To-date, all studies examining curcumin among patients with diabetes have demonstrated highly positive and important outcomes. The Cheungsawarn 2012 paper is perhaps the most impressive, completely halting progression of pre-diabetes among a high-risk population over a 9-month period. There is much debate over different types of curcumin preparations, yet the evidence presented above shows both simple ethanol extraction as well as crude turmeric delivering important outcomes. Collectively, results presented include: prevention of pre-diabetes progression, improved fasting blood glucose and HbA1C among patients with diabetes, improved cholesterol profiles, improved liver function markers, reduction in circulating markers of inflammation, and improvement in diabetic retinopathy, microangiopathy, and nephropathy. This immense panacea of benefit does not seem to be garnering the attention it duly deserves, and ideally more similar trials will be able to replicate these impressive outcomes.
References:
1. Chuengsamarn, S., et al. Diabetes Care. 2012 Nov;35(11):2121-7.
2. Na, L.X., et al. Mol Nutr Food Res. 2013 Sep;57(9):1569-77.
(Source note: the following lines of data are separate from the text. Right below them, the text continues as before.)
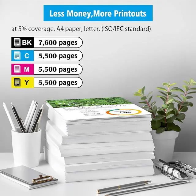 2. Page Yield: High Capacity, Black 7600 Pages, Cyan Magenta Yellow 5500 Pages at 5% coverage, A4 paper, letter. (ISO/IEC standard). Counter chip advantage: To ensure optimal performance and true color reproduction, our toner cartridges are equipped with counter chips. Other cartridges with decorative chips may result in suboptimal print quality and color inaccuracies.
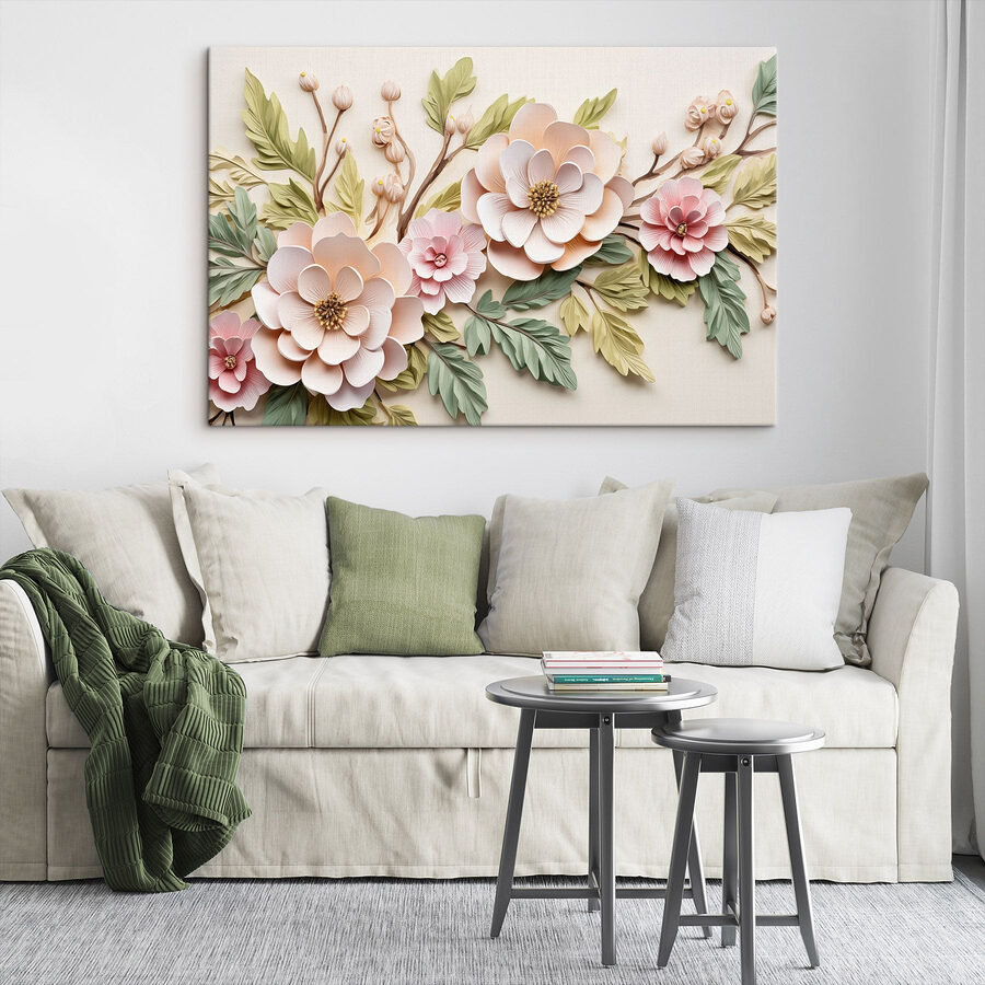 Odmień każdą przestrzeń dzięki zachwycającemu urokowi obrazów na płótnie Paper Flowers and Leaves. Wyobraź sobie, że wchodzisz do pokoju witanego przez bujny ogród, żywe kwiaty delikatnie szepczące opowieści o lecie i spokoju. To jak przeniesienie się na zewnątrz, bez uciążliwych pyłków. Idealny do gołej ściany, która czeka na odrobinę życia, a może do przytulnego kącika, w którym przydałoby się trochę ciepła. Znajomi będą się zatrzymywać i podziwiać, a może nawet pojawią się “ochy” i “achy”. Ponadto te piękne kwiaty nie zwiędną – mowa o niskich kosztach utrzymania!
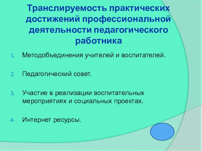 Слайд 23Транслируемость практических достижений профессиональной деятельности педагогического работника
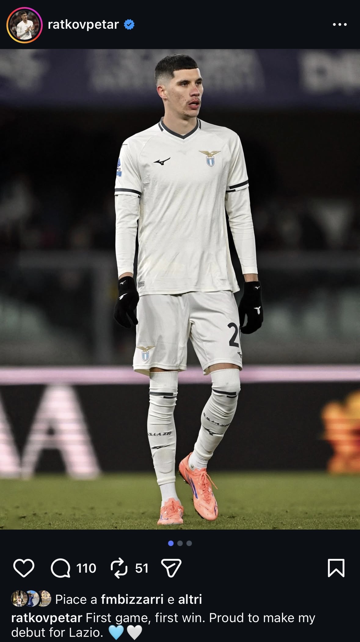 35 minuti in campo per il serbo e anche una buona occasione nel finale non sfruttata da Cancellieri. Alla fine del match l’attaccante ha così commentato l’esordio sui social: “Prima partita, prima vittoria. Orgoglioso del mio esordio con la Lazio”.
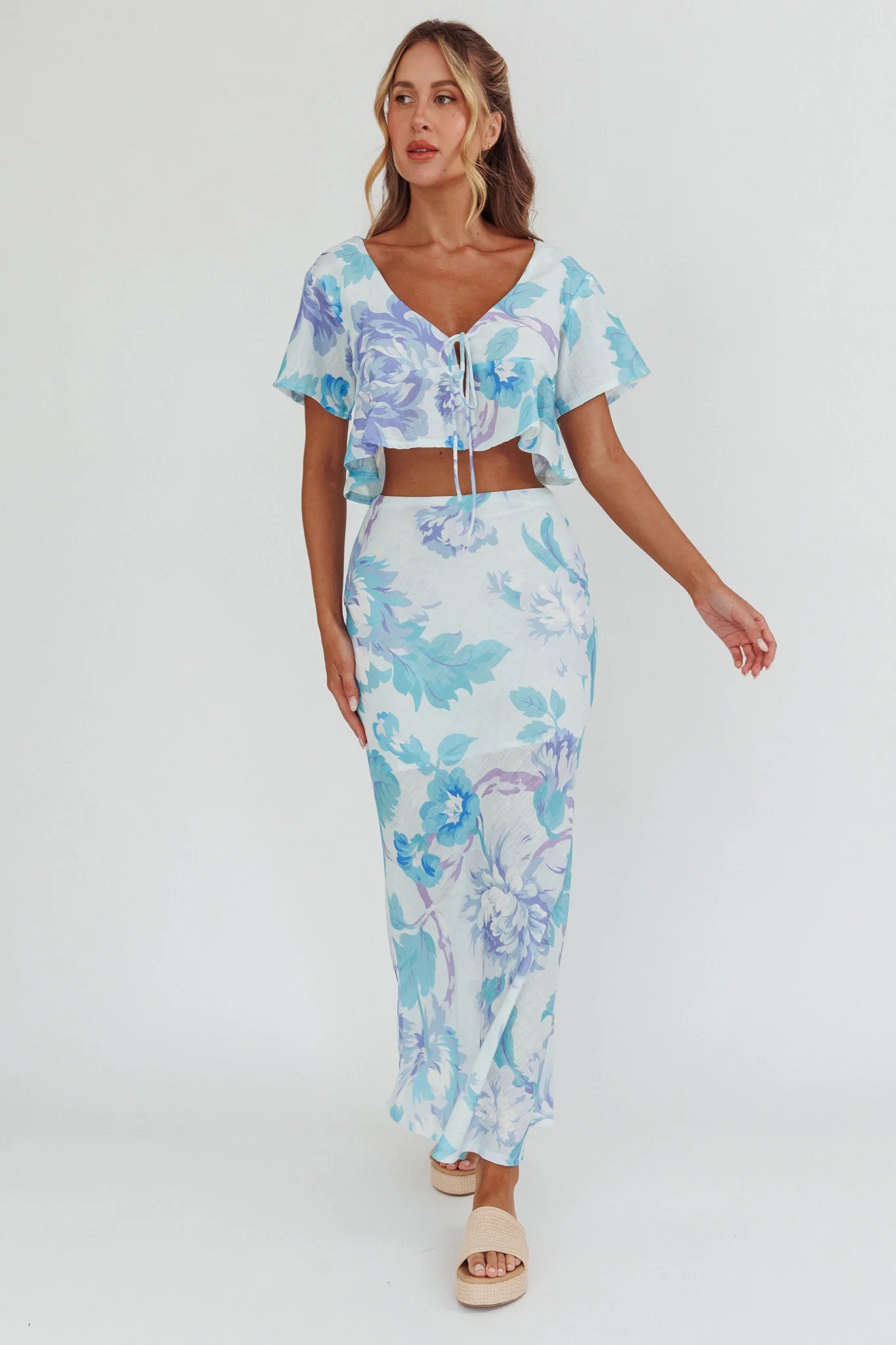 La Vie Tied Bust Crop Top Floral Blue
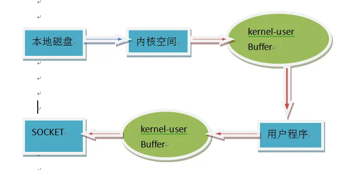 数据先从本地磁盘读取到内核空间中,再通过缓冲区由用户程序得到,用户程序再通过缓冲区将数据发送到Socket。
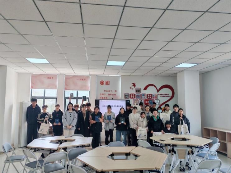 宣讲结束后,双方学生进行交流分享。宣讲团向安徽省特殊教育中专学校学生会和社团成员代表赠送了精美文创纪念品,并合影留念。
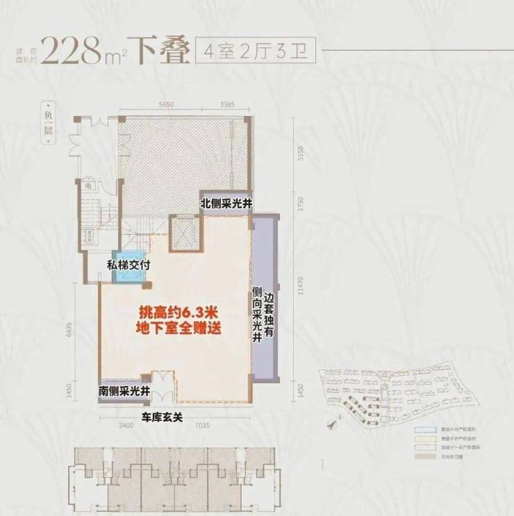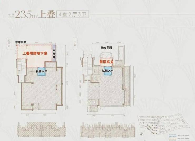 首先,上叠是北向 私享入户花园,独门独户,室内私家电梯 ,尊崇感与私密性都有保障。而且上叠也有地下空间,下单层面积约55㎡,层高达约6.3米,完全做可以做双层使用。
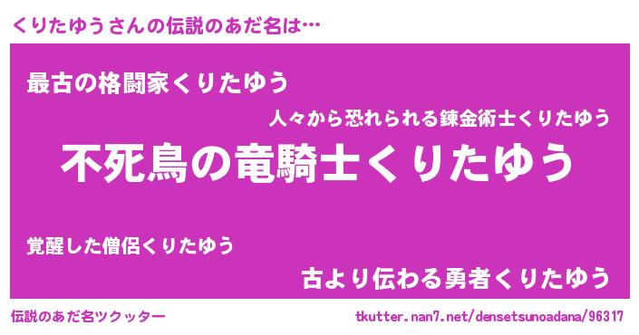 | 女子向けラノベタイトル風あだ名 | 『くりたゆう姫と円卓の騎士』 |
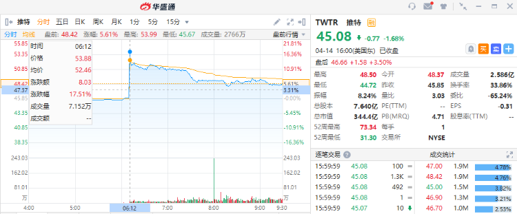 他还认为,马斯克的收购报价有很高的溢价,推特董事会难以拒绝。如果收购被拒绝,推特的股价将会迅速跌去一半。
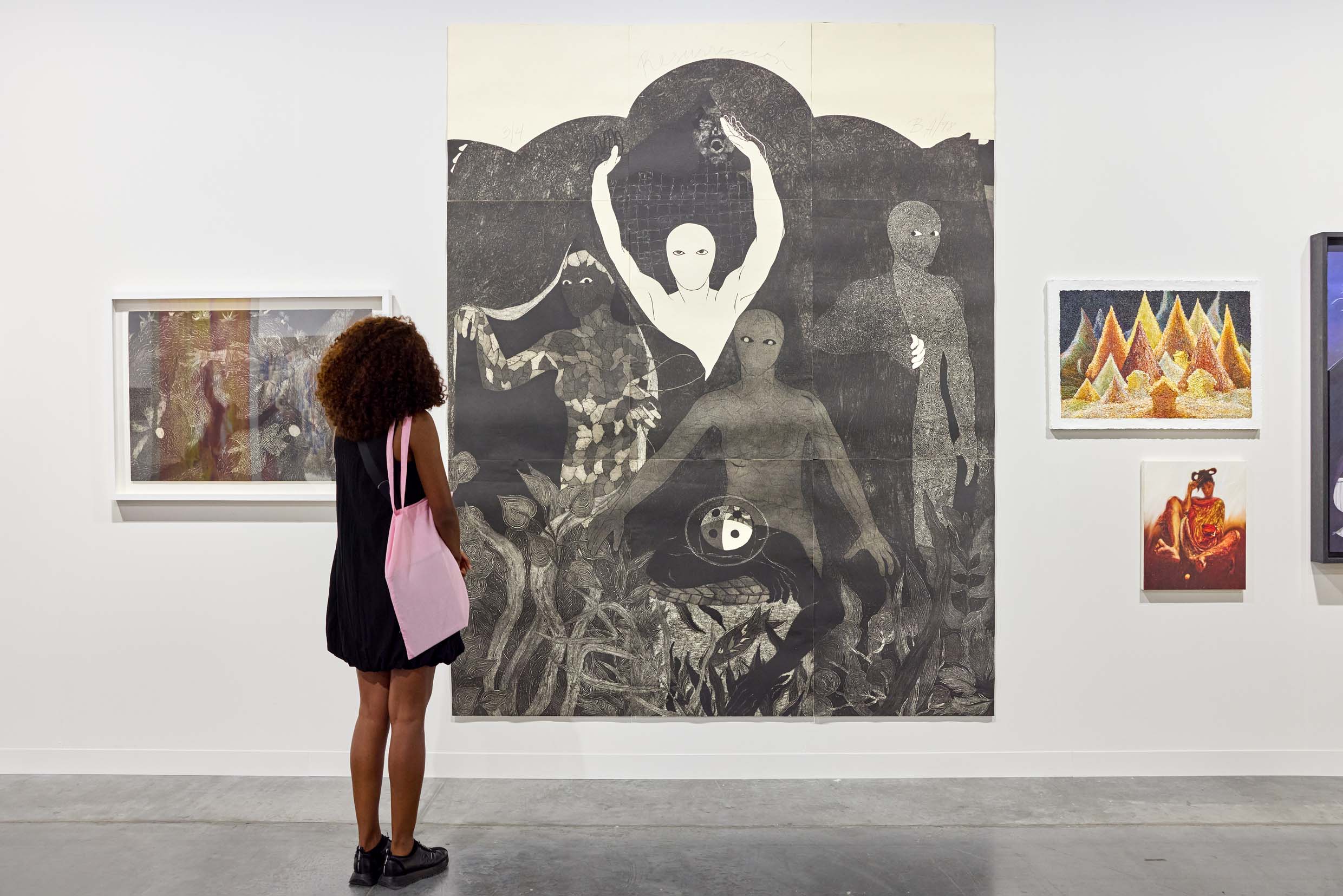 Luisa Rabbia’s The Network (Peter Blum Gallery) illustrated this insistence on engagement. Her interlacing marks trace tension and connection, dense in some areas, sparse in others, forcing the eye to navigate and to consider the relationships between figure and void; the voids within the piece an the void between the spectator and the spectated. Kennedy Yanko’s Intimacy of Throes (Library Street Collective) transformed industrial scrap into forms that feel simultaneously heavy and liminal, with surfaces that seem to fold light and shadow. The late Cuban printmaker Belkis Ayón (David Castillo Gallery) used collagraph to balance silhouettes and negative space with remarkable economy, producing work that is immediate, baring the raw mechanics of a dream.

3. Na, L.X., et al. Biomed Environ Sci. 2014 Nov;27(11):902-6.
4. Panahi, Y., et al. Drug Res (Stuttg). 2018 Jul;68(7):403-409.
5. Panahi, Y., et al. Complement Ther Med. 2017 Aug;33:1-5.
6. Neerati, P., et al. Phytother Res. 2014 Dec;28(12):1796-800.
7. Appendino, G., et al. Panminerva Med. 2011 Sep;53(3 Suppl 1):43-9.
8. Steigerwalt, R., et al. Panminerva Med. 2012 Dec;54(1 Suppl 4):11-6.
9. Chuengsamarn, S., et al. J Nutr Biochem. 2014 Feb;25(2):144-50.
10. Khajehdehi, P., et al. Scand J Urol Nephrol. 2011 Nov;45(5):365-70.